Whenever you are interested in an exchange rate you are actually interested in two currencies due to the fact that the value of a currency must always be quoted in comparison to a second currency.
So it follows that if you are determining the best time to transact, in this case the USD vs DKK, you should pay attention to both United States Dollar and Danish Krone news and forecasts.
14-December-18: Against a basket of currencies, the US dollar struck an 18-month high in mid-December after negative political and economic developments weighed on rest-of-the-world currencies. At the time of writing, the dollar was showing trade-weighted appreciation of 6 percent for 2018 and was on course to gain in 10 of the year’s 12 months.
The dollar had strengthened to levels near $1.13 against the euro, which suffered due to disappointing eurozone economic data and Brexit-related uncertainties.
Brexit allowed the dollar to gain handsomely against the pound in 2018. On December-11, GBP/USD traded below 1.25 for the first time since early 2017.
The economic slowdown in China has also helped the dollar by creating safe haven flows into the US. The dollar has yet to reach the magic 7-yuan level but remains close to it, at levels near 6.9.
For 2019, JP Morgan and Morgan Stanley are both bearish the greenback. The banks remain skeptical over future Fed interest rate hikes and point to a possible US economic downturn in the second half of the year.

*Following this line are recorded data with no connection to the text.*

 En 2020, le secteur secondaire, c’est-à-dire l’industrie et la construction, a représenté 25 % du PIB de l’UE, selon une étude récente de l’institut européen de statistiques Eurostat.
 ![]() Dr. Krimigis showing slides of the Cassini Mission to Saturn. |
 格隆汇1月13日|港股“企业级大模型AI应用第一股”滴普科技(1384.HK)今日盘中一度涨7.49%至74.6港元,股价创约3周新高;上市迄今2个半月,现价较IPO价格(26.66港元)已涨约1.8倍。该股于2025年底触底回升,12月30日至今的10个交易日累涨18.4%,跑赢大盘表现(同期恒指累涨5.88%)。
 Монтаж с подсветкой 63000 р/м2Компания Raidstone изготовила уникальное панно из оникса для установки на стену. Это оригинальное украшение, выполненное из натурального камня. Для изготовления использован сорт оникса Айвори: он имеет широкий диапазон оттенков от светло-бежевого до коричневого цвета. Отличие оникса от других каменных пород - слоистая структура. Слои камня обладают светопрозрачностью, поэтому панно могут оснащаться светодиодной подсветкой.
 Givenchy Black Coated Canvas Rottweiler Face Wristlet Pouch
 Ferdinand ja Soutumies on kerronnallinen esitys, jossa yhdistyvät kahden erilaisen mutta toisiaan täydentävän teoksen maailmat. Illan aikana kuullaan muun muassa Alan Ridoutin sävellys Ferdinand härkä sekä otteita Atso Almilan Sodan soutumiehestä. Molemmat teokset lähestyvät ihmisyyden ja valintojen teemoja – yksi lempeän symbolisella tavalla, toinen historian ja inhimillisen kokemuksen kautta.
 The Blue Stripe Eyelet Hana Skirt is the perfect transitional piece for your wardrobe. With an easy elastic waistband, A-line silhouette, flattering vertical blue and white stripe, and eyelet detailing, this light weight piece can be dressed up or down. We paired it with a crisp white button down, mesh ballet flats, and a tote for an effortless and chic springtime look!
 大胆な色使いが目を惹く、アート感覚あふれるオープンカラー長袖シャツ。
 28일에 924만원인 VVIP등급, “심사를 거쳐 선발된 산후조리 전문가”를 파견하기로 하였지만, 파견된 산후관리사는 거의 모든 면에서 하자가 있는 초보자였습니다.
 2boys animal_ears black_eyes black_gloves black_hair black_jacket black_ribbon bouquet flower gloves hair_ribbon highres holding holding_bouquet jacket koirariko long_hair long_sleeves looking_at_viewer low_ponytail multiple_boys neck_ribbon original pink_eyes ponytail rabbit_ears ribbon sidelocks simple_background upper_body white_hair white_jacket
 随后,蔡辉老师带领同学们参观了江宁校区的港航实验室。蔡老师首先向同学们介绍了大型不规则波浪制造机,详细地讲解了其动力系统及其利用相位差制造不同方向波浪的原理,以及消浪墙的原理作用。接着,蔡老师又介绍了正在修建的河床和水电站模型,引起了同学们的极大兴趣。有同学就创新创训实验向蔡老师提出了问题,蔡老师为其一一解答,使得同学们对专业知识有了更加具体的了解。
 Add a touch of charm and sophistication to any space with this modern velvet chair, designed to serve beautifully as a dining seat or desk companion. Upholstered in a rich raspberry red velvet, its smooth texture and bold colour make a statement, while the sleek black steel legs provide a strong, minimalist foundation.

Scotiabank is forecasting EUR/USD at $1.30 by 2019 year-end, indicating a potential 13 percent decline in the dollar’s buying power.
The Danish krone, together with the euro to which it is pegged, is heading higher, experts said in November.
With Brexit increasingly seen as a UK problem rather than a Europe-wide one, and despite recent disappointments in economic data, Citibank is confident of a long-term move in USD/DKK to 5.75, from 6.548 at the time of this report (November-21). “Underpinned by the less accommodative policies of the ECB,” the krone will most likely achieve this target, which represents a 14 percent gain, before the end of 2019, Citi has said.
Relative to the pound, the krone had recovered in the days leading up to this report to a rate of 8.37 per GBP, from 8.62. With political turmoil in the UK, there was room for the exchange rate to reach 8.1 in the months ahead, said a Nordea Markets analyst. A return to 8.1 would take GBP/DKK back to levels not seen since September 2017.
A 5.5 percent rise in the krone’s buying power will see CHF/DKK trade at 6.2 sometime within the next 6-12 months, per analysts at Danske Bank. The rate averaged 6.54 in the weeks leading up to this report.